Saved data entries
##########

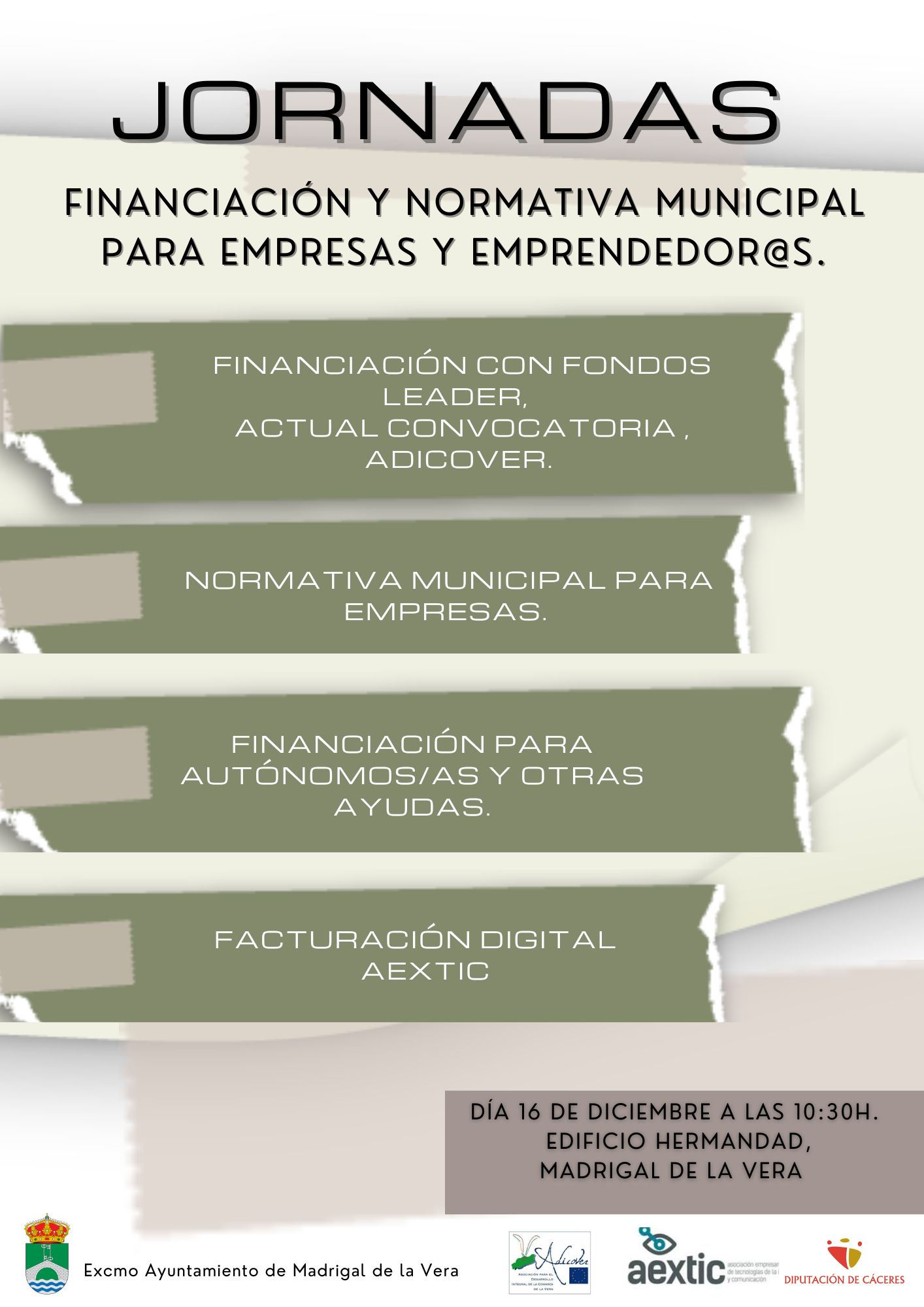 Jornadas sobre financiación y normativa municipal para empresas y emprendedor@s en Madrigal de la Vera
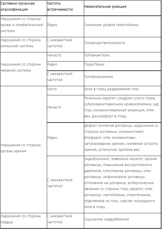 Только для местного офтальмологического применения. Не предназначен для применения в виде субконъюнктивальных инъекций или для введения в переднюю камеру глаза.
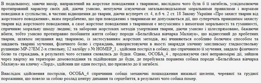 «… використовуючи в якості знаряддя злочину мисливську гладкоствольну рушницю MP-27EM 2-х ствольну, 12 калібру (…) здійснив постріл в собаку, що спричинило її мучення, завдало фізичного болю та страждань, в результаті чого остання сховалась до будки. Однак ОСОБА_4, продовжуючи свої неправомірні дії, зайшов через хвіртку на територію домоволодіння та підійшовши до буди, де перебувала поранена собака породи «Бельгійська вівчарка Малінуа» на кличку «Лорд», здійснив ще один постріл, що призвело до її загибелі», – сказано у вироку.
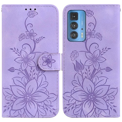 Funda de Cuero en Relieve para Motorola Edge 20 Pro Lily (Púrpura)
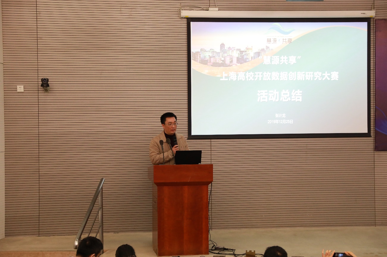 大会最后,复旦大学图书馆副馆长张计龙研究馆员代表大赛组委总结本届大赛。本届大赛从4月22日正式启动,历时8个月,共有上海地区25家高校的284支队伍报名,参赛总人数达871人,最终提交有效作品65项。经过初审、复审和专家答辩,大赛各项奖项最终揭晓。目前活动进入成果孵化阶段,大赛组委将通过优秀论文结集、优秀论文和高质量数据推荐出版、企业合作成果转化等方式为大赛参赛团队提供更多的机会与支持。2020年大赛将汇聚更加丰富的数据资源,邀请更多的数据专家,开展更直接的专业指导,设置更多源的专项奖,拓展更广阔的辐射范围。
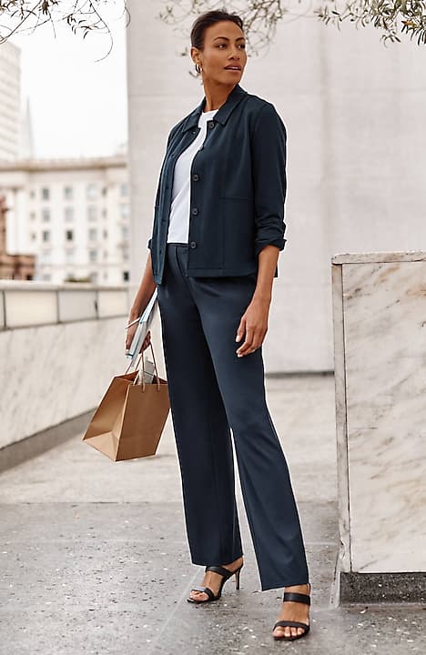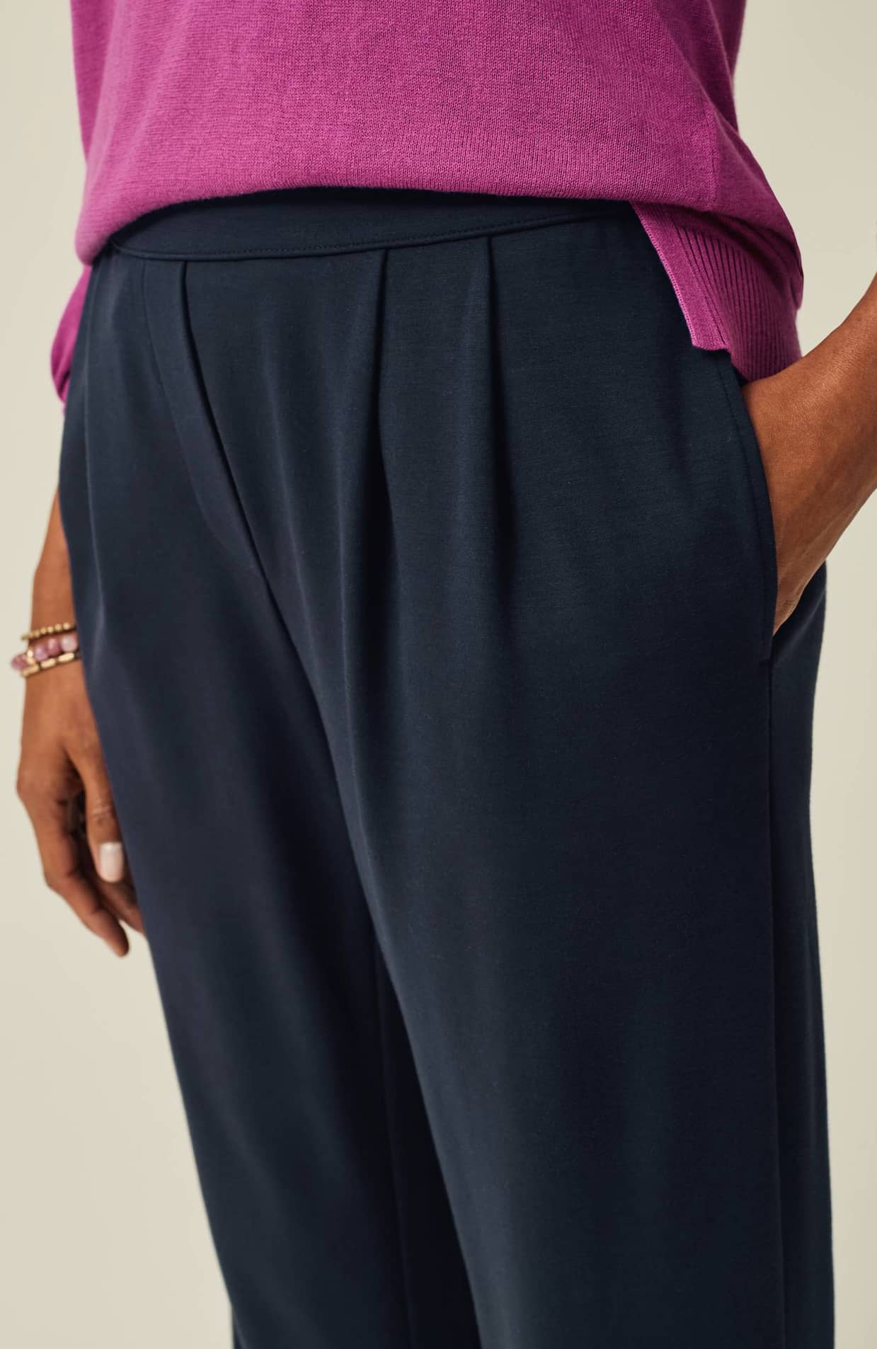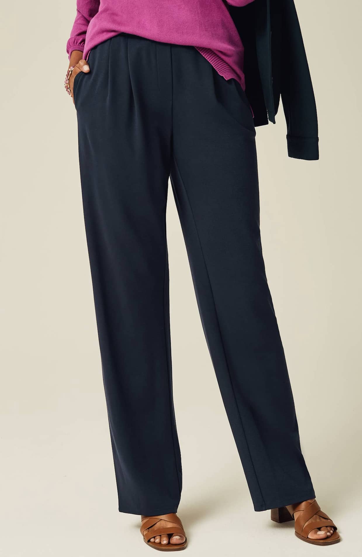 Designed in a soft, more substantial rayon-blend jersey knit, our straight-leg pull-on pants are made for total comfort and ease. The elasticized waistband and on-seam pockets are practical, while the double inverted pleat on each leg adds refined appeal. They're the perfect pants to go from workdays to weekends. Faux fly.
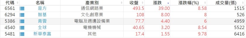 2024-0807日新高爆量上漲股 2024-08-07 股狗網小編 選股條件 發表留言 利用股狗選股的選股條件可以【挑選突破20日新高,爆量上漲起漲點股票】 1.股狗選股 https://www.stockdog.com.tw 2.選股條件: a.收盤價創20日新高 b.當日漲幅 > 2% C.成交量大於5日均量2倍 免責宣言 本網站文章所提供資訊僅供參考,並無任何推介買賣之意,投資人應自行承擔交易風險。 分享此文: 分享到 X(在新視窗中開啟) X 分享到 Facebook(在新視窗中開啟) Facebook 喜歡 正在載入...

##########

* **TASK DIRECTIONS**: Repeat the records above exactly, from the first line through the line containing "Только для местного", and leave out the pictures.

* **ANSWER TO THIS EXERCISE**:
 Jornadas sobre financiación y normativa municipal para empresas y emprendedor@s en Madrigal de la Vera
 Только для местного офтальмологического применения. Не предназначен для применения в виде субконъюнктивальных инъекций или для введения в переднюю камеру глаза.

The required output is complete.